# How do you use the ratio test to test the convergence of the series ∑ ((4n+3)^n) / ((n+7)^(2n)) from n=1 to infinity?

Feb 9, 2016

You use the Cauchy test

${\sum}_{n = 1}^{\infty} {a}_{n} = {\sum}_{n = 1}^{\infty} \frac{{\left(4 n + 3\right)}^{n}}{{\left(n + 7\right)}^{2 n}}$

if ${\lim}_{n \to \infty} {a}_{n}^{\frac{1}{n}} < 1$ then the series converge

if $> 1$ then it diverge

if $= 1$ you can't conclude

(((4n+3)^n) / ((n+7)^(2n)))^(1/n) = (4n+3)/(n+7)^2 = (4n+3)/(n^2+14n+49) = (4+3/n)/(n(1+14/n+49/n^2)

take the limit

${\lim}_{n \to \infty} \frac{4 + \frac{3}{n}}{n \left(1 + \frac{14}{n} + \frac{49}{n} ^ 2\right)} = 0$

so it converge

Feb 9, 2016

According to the root test, the series converges.

#### Explanation:

I know that you have asked for the ratio test to test the convergence.

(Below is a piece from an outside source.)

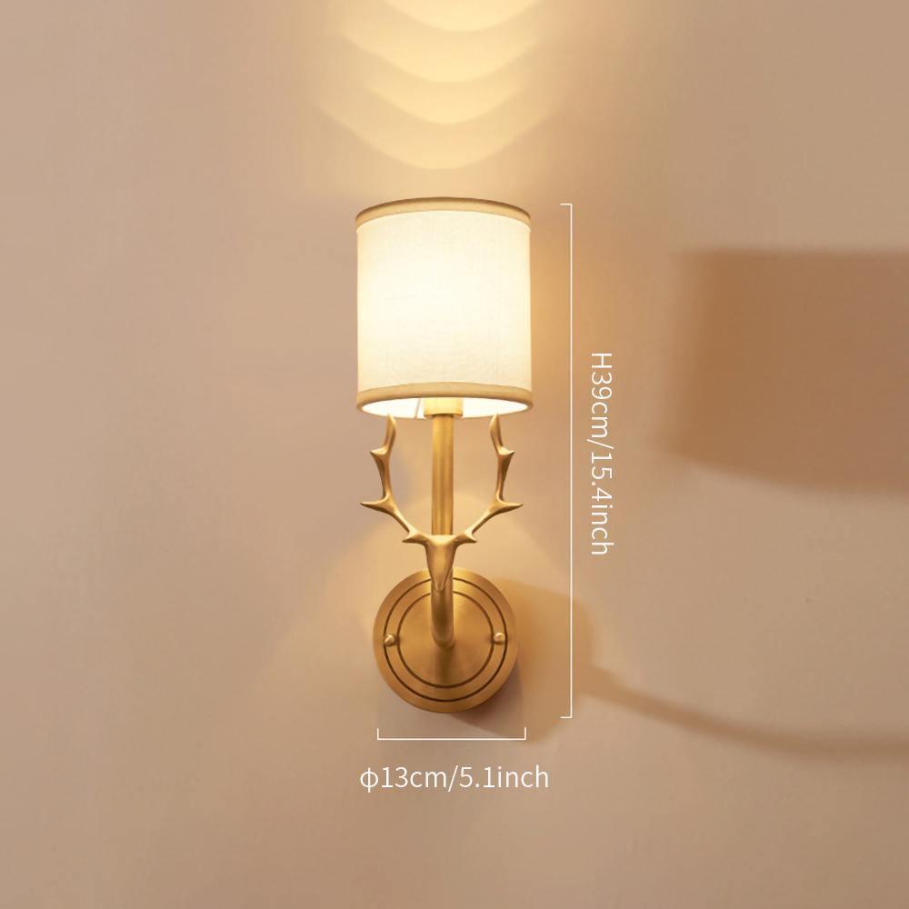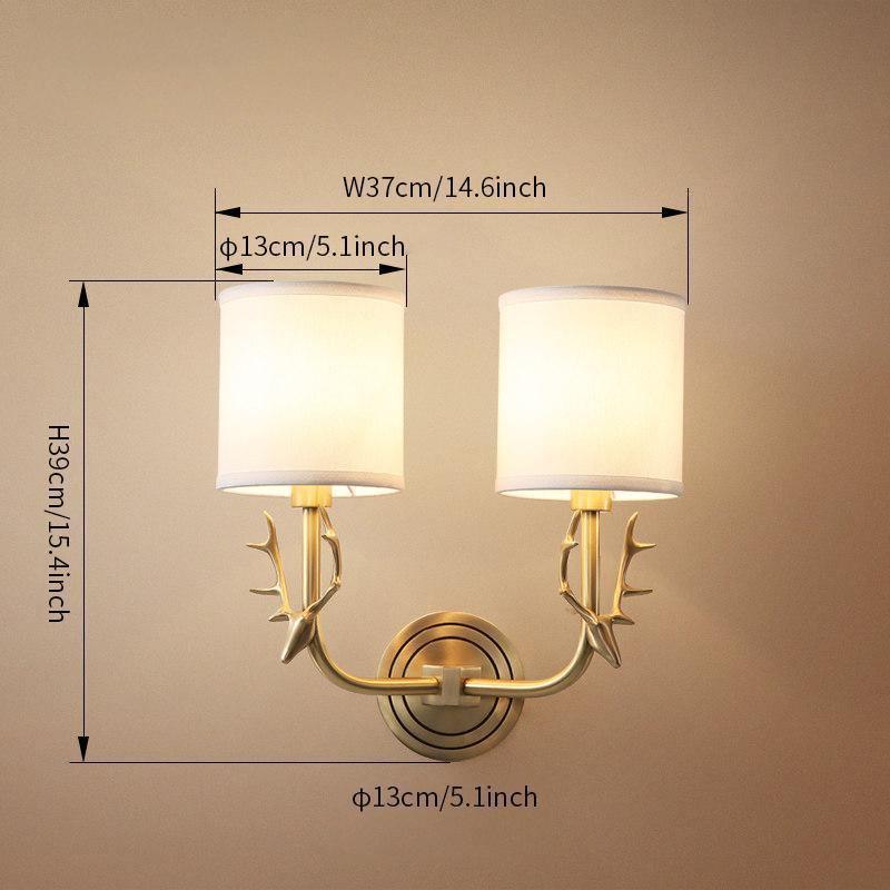 黃銅鹿頭壁燈系列採用鹿頭造型和涵道人造絲燈罩。這款雙頭壁燈有兩個照明裝置,每個照明裝置都連接到圓形後面板。簡潔的黃銅線條為這款現代作品帶來傳統氣息。

However, in this case, I would strongly recommend to do the root test instead.

You can transform your series as follows:

${\sum}_{n = 1}^{\infty} {\left(4 n + 3\right)}^{n} / {\left(n + 7\right)}^{2 n} = {\sum}_{n = 1}^{\infty} {\left(4 n + 3\right)}^{n} / {\left({\left(n + 7\right)}^{2}\right)}^{n} = {\sum}_{n = 1}^{\infty} {\left(\frac{4 n + 3}{{\left(n + 7\right)}^{2}}\right)}^{n}$

The root test states that for a series ${\sum}_{n = 1}^{\infty} {a}_{n}$,

• if ${\lim}_{n \to \infty} \sqrt[n]{\left\mid {a}_{n} \right\mid} < 1$, then ${\sum}_{n = 1}^{\infty} {a}_{n}$ converges
• if ${\lim}_{n \to \infty} \sqrt[n]{\left\mid {a}_{n} \right\mid} > 1$, then ${\sum}_{n = 1}^{\infty} {a}_{n}$ diverges
• if ${\lim}_{n \to \infty} \sqrt[n]{\left\mid {a}_{n} \right\mid} = 1$, then you can't tell with a root test.

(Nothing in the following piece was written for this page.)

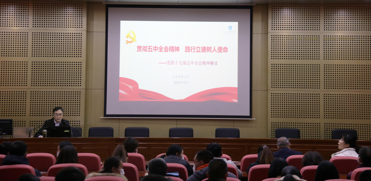 会上,高建广紧扣全会主题,从党的十九届五中全会基本情况,党的十九届五中全会的主要精神,贯彻五中全会精神、践行立德树人使命三个方面进行了全面宣讲和深入解读。高建广强调,党的十九届五中全会是在全面建成小康社会胜利在望、全面建设社会主义现代化国家新征程即将开启的重要历史时刻召开的一次十分重要的会议。结合错综复杂的国际形势、艰巨繁重的国内发展改革稳定任务和新冠肺炎疫情的严重冲击情况,高建广系统地介绍了到2035年基本实现社会主义现代化的9个远景目标和“十四五”时期经济社会发展的六项新目标,以及全会提出的12项举措,阐明了构建新发展格局的战略构想和重要着力点,着重强调了坚持党的全面领导的重要性。
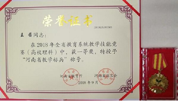 她说:“每次站在讲台上,自豪感便由然而生,上课能激起我的无限热情!”功夫不负有心人,她用爱心与热情,获得了2018年全省教育系统教学技能竞赛一等奖、“河南省教学标兵”称号!

As you can transform your ${a}_{n}$ as an expression taken to the power of $n$, the root test is really well suited.

${\lim}_{n \to \infty} \sqrt[n]{\left\mid {a}_{n} \right\mid} = {\lim}_{n \to \infty} \sqrt[n]{\left\mid {\left(\frac{4 n + 3}{{\left(n + 7\right)}^{2}}\right)}^{n} \right\mid}$

You can omit the absolute value since ${\left(\frac{4 n + 3}{{\left(n + 7\right)}^{2}}\right)}^{n} > 0$ is true for any $n > 0$. Thus, your calculation simplifies to:

${\lim}_{n \to \infty} \sqrt[n]{\left\mid {a}_{n} \right\mid} = {\lim}_{n \to \infty} \frac{4 n + 3}{{\left(n + 7\right)}^{2}}$

$= {\lim}_{n \to \infty} \frac{4 n + 3}{{n}^{2} + 14 n + 49}$

... the highest power of $n$ in your fraction is ${n}^{2}$. Factor ${n}^{2}$ in the numerator and denominator...

$= {\lim}_{n \to \infty} \frac{{n}^{2} \left(\frac{4}{n} + \frac{3}{n} ^ 2\right)}{{n}^{2} \left(1 + \frac{14}{n} + \frac{49}{n} ^ 2\right)}$

$= {\lim}_{n \to \infty} \frac{\cancel{{n}^{2}} \left(\frac{4}{n} + \frac{3}{n} ^ 2\right)}{\cancel{{n}^{2}} \left(1 + \frac{14}{n} + \frac{49}{n} ^ 2\right)}$

$= {\lim}_{n \to \infty} \frac{\frac{4}{n} + \frac{3}{n} ^ 2}{1 + \frac{14}{n} + \frac{49}{n} ^ 2}$

... take the limit...

$= \frac{0 + 0}{1 + 0 + 0}$

$= 0$

As ${\lim}_{n \to \infty} \sqrt[n]{\left\mid {a}_{n} \right\mid} = 0 < 1$, according to the root test, the series converges.